Вера вспыхивала, начинала плакать, потом рыдать, просить прощения за свои глупые мысли. Но через день опять начиналось то же, или шли усиленные расспросы о дочерях председателя – и Шилаев видел, что она мучится нестерпимо, подозревая, не влюблен ли он в одну из дочерей председателя.
Никогда Шилаеву не приходило в голову изменять жене. На женщин он весьма мало обращал внимания, а тем более па здешних барышень. Жену он любил и счел бы подлостью завести любовную историю и обманывать ее. Но теперь на него часто находили порывы негодования, ненависти к Веруне, – больной, некрасивой и опустившейся, измученной своими собственными подозрениями, дрожащей перед ним и все-таки делающей ему сцены. Скука, бесполезность и несправедливость этих сцен раздражали его до крайности. К тому же, вечно подозреваемый в измене, он сам невольно стал смотреть на себя, как на способного изменить, стал бояться, следить за собой и думать об измене.
Один раз, за ранним обедом (они обедали в два часа) Шилаев с Веруней сильно поссорились. Веруня, как оказалось, подозревала мужа в любовной связи с сестрой инспектора. Эта сестра была черная, сухая старая дева, даже не похожая на женщину. Шилаев видел ее только раз. Он вспылил и прикрикнул на Веру. Она, захлебываясь слезами, выскочила из-за стола, схватила шляпку и пальто и сказала, что уходит, уходит и не вернется, и пусть он ее не ищет… Шилаев хотел идти за нею, но потом рассудил лучше оставить ее в покое; он знал, что она отправляется к своей приятельнице Ламариновой и вернется, как только успокоится.
Ясное августовское солнце светило в окна сквозь герань и мускус и отражалось на некрашеном полу желтыми пятнами. По безлюдной улице гуляли куры и молодой петух надрывался, пробуя свой голос. Из кухни пришла плотная, чернобровая девка Домаха, давно заменившая пьяницу Устинью, и стала прибирать недоеденное жаркое. Павел Павлович рассеянно взглянул на Домаху. Вокруг головы у нее был обмотан красный платок; к нему она прикрепила желтые ноготки и две георгины. Круглое загорелое лицо ее, с выражением тупого равнодушия и с капельками пота на лбу, казалось довольно красивым. Шилаеву невольно бросились в глаза ее крепкие, до колен голые ноги, выставлявшиеся из-под синей запаски, и высокая грудь, приподнимающая в двух местах сорочку из серого холста.

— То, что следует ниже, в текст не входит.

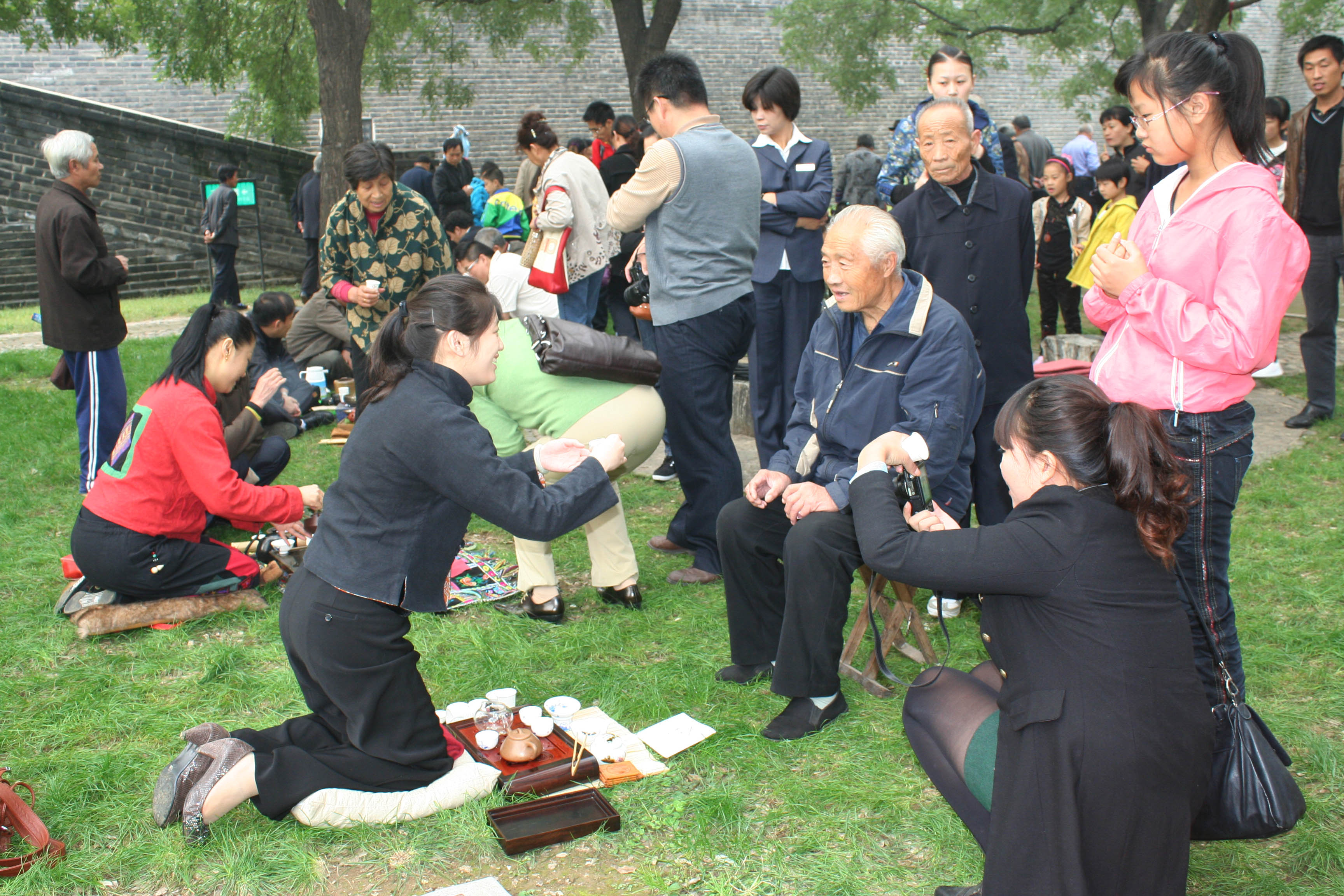 芳草如毡、绿树成荫的庭院内,百余名茶人席地而坐,相约“无我茶会”,切磋茶艺,共饮香茗,为热闹的九九老人节平添一份闲情逸致。

Шилаев глядел, ни о чем определенно не думая, и только холодок физического желания пробегал у него вдоль спины.
Раньше, в продолжение полугода, он смотрел на Домаху, как на стол или стену; но теперь, возбужденный вечными разговорами о любовных отношениях, о его воображаемых изменах – он чувствовал себя незащищенным, близким к греху.
И когда Домаха потянулась через него, собирая вилки и ножи – он вдруг схватил ее поперек тела и посадил к себе на колени. Он сжимал ее все крепче, молча, с покрасневшим от возбуждения лицом. В тупых глазах Домахи сначала мелькнула тень удивления, а потом – некоторой веселости и удовольствия. Однако, она вырвалась от барина и, сказав что-то похожее на: «да ну-те вас!» отправилась к двери. В одной руке она несла стакан, в другой скомканную скатерть. Шилаев настиг девушку на пороге и опять сжал ее, целуя беспрерывно в затылок и в шею. Ни одного слова не было произнесено. В комнате слышались только возня и тяжелое дыхание. Домаха отдалась ему с готовностью…

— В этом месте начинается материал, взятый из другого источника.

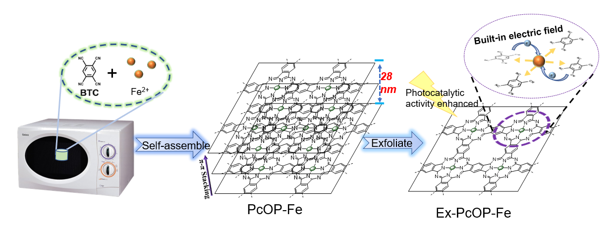 图1. 有机光催化剂(Ex-PcOP-Fe)的快速高效制备示意图

Едва понимая, что случилось, Шилаев сел на ближний стул. Домаха подобрала скатерть и скользнула в кухню. Солнце светило по-прежнему ярко сквозь герань и мускусы. Никакого беспорядка не произошло в комнате. А в душе Павла Павловича не было ни малейшего угрызения совести. Напротив, ему сделалось детски-весело и бодро.
Но это продолжалось всего одну минуту. Именно отсутствие угрызений совести и кольнуло его. Неужели он уже может делать то, что называет подлостью – и не страдать? Да, но подлость ли это?..
Последняя мысль особенно возмутила Павла Павловича. Что это? Он уже сомневается в несомненном? Неужели он в самом деле так гадок, что осмеливается сомневаться в том, в чем прежде был уверен? Но мысли не оставляли его: что же такое «подлость»? И прав ли он в своем разделении мира на черное и белое, на подлое и честное?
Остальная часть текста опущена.